Analogy: a classifier based on matrix factorization 1
========================================================

**1.** [Training phase](https://mathematicaforprediction.wordpress.com/2013/08/26/classification-of-handwritten-digits/)

1.1. Rasterize each training image into an array of 16 x 16 pixels.

1.2. Each raster image is linearized — the rows are aligned into a one dimensional array.   
In other words, each raster image is mapped into a R^256 vector space.   
We will call these one dimensional arrays raster vectors.

1.3. From each set of images corresponding to a digit make a matrix with 256 columns of the corresponding raster vectors.

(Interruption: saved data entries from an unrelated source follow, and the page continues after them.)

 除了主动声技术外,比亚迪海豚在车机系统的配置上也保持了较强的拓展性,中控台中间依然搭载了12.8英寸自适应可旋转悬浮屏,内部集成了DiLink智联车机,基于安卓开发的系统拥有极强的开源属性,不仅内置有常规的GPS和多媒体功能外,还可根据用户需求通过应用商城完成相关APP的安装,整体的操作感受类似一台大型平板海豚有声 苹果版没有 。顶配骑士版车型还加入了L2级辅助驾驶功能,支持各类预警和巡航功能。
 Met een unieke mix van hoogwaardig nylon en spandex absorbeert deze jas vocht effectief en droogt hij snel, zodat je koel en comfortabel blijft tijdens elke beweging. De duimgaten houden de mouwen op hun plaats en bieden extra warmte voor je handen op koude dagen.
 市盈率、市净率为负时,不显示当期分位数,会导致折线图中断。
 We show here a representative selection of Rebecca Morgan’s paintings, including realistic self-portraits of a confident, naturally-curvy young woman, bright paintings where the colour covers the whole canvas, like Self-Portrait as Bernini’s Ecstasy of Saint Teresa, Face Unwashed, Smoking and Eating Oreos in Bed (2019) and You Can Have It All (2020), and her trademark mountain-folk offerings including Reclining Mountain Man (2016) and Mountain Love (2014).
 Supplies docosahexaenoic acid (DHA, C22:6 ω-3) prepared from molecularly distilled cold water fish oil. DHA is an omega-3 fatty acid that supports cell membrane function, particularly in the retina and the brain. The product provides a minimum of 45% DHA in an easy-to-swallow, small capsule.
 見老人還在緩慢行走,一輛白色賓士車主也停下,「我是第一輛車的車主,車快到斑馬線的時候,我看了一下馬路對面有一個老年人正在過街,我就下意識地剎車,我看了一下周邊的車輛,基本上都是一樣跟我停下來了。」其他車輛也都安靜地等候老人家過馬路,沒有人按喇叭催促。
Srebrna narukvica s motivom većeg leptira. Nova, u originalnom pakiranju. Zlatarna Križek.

1.4. Using the matrices in step 1.3 use thin SVD to derive orthogonal bases that describe the image data for each digit.
  

Analogy: a classifier based on matrix factorization 2
========================================================

**2.** [Recognition phase](https://mathematicaforprediction.wordpress.com/2013/08/26/classification-of-handwritten-digits/)

2.1. Given an image of an unknown digit derive its raster vector, R.

2.2. Find the residuals of the approximations of R with each of the bases found in 1.4.

2.3. The digit with the minimal residual is the recognition result.

- See [more](https://mathematicaforprediction.wordpress.com/?s=NNMF).


Neural network construction in general
========================================================

- See this diagram.

- Steps:

  - Prepare the data.

  - Chain layers.

  - Pick an optimizer.

  - Train and evaluate.


Neural network layers primer
========================================================

- Is this something the audience want to see/hear?

- Separate presentation or referenced along in the code runs?
  
  - Sub-presentation done in Mathematica (~15 min.)

- See the functionality breakdowns:

  - RStudio: [Keras reference](https://keras.rstudio.com/reference/index.html);
  
  - Mathematica: ["Neural Networks guide"](http://reference.wolfram.com/language/guide/NeuralNetworks.html).   


The code runs 1
========================================================

- First run with a basic, non-trivial example (over MNIST.)

- The breakdown:

  - binary classification;
  
  - multi-label classification;
  
  - regression.


The code runs 2
========================================================

- The specific topics:
  
  - encoders and decoders;
  
  - dealing with over-fitting;
  
  - categorical classification;
  
  - vector classification.


Some questions to consider in more detail 1
========================================================

- Can we change the metrics function?

- Can we do out-of-core training?

   - [Or, how we do batch training?](https://mathematica.stackexchange.com/a/174150/34008)

- How do we deal with over-fitting?

- Can we visualize the layers?

- Are there repositories we can use to download already made nets?


Some questions to consider in more detail 2
========================================================

- How easy to add a custom classifier to an already made and pre-trained net?

- Where we can find explanations and/or directions for which type layer to use under what conditions?

- How the data is “uplifted” into the space of a net?

  - Encoders

  - And of course what are the decoders?


Some guidelines 1
========================================================

- Most likely we will not be making neural network from scratch.

- Two important skills to acquire first:

   - Knowing well how to utilize different encoders (over different data.)
  
   - Knowing basic neural networks and how to obtain them.
   
      - Copy & paste or from dedicated repositories.

- "Next wave" skills

   - Knowing how to do batch training and out-of-core training.
   
   - Knowing how to deal with over-fitting.
   
   - Knowing how to do network surgery.
   
   
Some guidelines 2
========================================================

- Given a problem:

   - Is it simple to apply neural networks to it?
   
   - Do we have enough data with enough quality in order to apply neural networks?
   
   - What result we get with alternative methods, like random forest, nearest neighbors, etc.?
 
   
Future plans   
========================================================   

- Conversational agent for building neural networks.